Никитин совсем разъярился. В пещере ему не хватало воздуха, он бросился наружу и, сильно стукнувшись головой о свод, упал на колени. Удар несколько образумил ученого, но ярость, клокотавшая в нем, не угасла. Прищуренным глазом он оглядел нависшую над входом глыбу. Так, его лампа не годится! Но он увидит тень минувшего при солнечном свете! Он всегда имел при себе аммонал, чтобы при случае быстро вскрыть нужные слои, взорвав лежащую на них породу.

Палеонтолог деловито осмотрел склон над пещерой, заметил длинные вертикальные трещины, рассекавшие гнейсовые глыбы. Обрушить этот каменный занавес — пустяки!

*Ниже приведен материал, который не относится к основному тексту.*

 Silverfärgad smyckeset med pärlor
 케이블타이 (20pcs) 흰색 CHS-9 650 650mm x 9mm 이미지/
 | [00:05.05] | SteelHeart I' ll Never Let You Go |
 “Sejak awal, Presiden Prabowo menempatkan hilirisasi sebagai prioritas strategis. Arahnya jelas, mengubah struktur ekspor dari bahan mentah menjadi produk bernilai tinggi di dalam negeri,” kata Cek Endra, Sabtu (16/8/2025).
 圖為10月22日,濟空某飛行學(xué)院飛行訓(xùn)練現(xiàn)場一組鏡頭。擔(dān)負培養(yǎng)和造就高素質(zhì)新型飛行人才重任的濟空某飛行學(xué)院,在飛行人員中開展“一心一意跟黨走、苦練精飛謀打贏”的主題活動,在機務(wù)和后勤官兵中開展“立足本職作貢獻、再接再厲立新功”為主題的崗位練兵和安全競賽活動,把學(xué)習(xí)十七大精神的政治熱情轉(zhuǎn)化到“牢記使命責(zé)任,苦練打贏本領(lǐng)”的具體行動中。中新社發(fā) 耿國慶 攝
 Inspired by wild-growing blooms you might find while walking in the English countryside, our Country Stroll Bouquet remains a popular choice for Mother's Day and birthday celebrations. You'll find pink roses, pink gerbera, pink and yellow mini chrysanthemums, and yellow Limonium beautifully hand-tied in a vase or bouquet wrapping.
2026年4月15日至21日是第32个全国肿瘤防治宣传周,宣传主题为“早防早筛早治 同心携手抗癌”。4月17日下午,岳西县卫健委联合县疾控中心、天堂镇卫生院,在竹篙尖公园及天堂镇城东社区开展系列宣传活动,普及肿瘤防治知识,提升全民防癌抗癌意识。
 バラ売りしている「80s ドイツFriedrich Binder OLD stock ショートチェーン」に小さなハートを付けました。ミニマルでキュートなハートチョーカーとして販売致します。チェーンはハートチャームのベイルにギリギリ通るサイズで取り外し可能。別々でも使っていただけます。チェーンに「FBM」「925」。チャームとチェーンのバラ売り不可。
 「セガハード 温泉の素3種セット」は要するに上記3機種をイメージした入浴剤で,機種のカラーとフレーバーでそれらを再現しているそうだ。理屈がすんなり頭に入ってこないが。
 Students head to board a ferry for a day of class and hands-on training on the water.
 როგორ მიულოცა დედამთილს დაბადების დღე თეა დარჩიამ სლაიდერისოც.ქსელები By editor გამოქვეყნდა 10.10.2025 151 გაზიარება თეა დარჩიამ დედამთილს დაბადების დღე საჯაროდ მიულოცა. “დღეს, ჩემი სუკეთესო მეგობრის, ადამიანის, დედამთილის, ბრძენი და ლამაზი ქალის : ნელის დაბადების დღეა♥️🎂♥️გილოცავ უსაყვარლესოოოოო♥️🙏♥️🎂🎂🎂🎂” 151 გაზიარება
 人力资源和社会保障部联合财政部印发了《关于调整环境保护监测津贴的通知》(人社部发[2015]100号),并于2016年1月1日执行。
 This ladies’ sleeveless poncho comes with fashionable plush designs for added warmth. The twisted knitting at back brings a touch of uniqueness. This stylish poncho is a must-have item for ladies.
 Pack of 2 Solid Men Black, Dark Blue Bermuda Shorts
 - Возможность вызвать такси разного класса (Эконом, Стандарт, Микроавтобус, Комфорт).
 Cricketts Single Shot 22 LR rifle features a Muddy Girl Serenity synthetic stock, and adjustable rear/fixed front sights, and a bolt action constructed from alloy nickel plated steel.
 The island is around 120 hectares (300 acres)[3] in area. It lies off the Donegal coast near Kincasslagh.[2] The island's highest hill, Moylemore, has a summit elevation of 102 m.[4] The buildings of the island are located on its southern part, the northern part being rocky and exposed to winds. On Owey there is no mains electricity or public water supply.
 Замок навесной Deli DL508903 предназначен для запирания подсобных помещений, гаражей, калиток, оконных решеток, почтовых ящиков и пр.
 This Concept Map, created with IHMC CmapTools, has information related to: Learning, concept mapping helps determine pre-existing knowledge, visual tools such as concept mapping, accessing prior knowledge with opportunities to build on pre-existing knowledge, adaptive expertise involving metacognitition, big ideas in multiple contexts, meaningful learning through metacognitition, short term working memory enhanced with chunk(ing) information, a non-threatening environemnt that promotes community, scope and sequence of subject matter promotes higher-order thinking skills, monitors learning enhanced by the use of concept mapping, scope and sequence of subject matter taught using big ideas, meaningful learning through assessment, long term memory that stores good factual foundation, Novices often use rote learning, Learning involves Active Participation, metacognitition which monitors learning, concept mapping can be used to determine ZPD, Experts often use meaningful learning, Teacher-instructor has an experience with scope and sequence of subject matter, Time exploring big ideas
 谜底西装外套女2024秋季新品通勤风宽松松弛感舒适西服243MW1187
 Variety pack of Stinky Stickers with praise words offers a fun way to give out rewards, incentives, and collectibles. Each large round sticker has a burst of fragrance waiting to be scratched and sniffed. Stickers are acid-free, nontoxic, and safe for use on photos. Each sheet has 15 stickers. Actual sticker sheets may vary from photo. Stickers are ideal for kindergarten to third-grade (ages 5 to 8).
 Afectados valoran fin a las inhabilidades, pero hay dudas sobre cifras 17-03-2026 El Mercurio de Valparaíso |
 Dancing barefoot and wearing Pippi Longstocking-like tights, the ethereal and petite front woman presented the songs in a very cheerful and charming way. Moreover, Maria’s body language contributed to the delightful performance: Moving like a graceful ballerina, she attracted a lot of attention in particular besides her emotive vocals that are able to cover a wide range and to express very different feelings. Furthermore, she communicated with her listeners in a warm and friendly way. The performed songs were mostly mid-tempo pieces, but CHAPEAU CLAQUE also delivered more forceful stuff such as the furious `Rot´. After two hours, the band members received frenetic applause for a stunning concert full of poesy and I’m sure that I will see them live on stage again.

Ученый начал спускаться к берегу, где расположились на ночлег его спутники, но передумал и вернулся в пещеру. Там он определил угол, под которым падал на поверхность известкового слоя свет его лампы, и взял по компасу направление. Отлично! Солнце будет тут между двумя и тремя часами. Можно успеть выспаться как следует, а то глаза так устали, что и при солнце он ничего не увидит. Хорошо, что утро обещало погожий день!

Как только рассеялась пыль от взрыва, Никитин стал поспешно устанавливать аппарат, балансируя на грудах каменных осколков. Гладкая зеленоватая стена, не поврежденная взрывом, влажно отблескивала в ярком дневном свете.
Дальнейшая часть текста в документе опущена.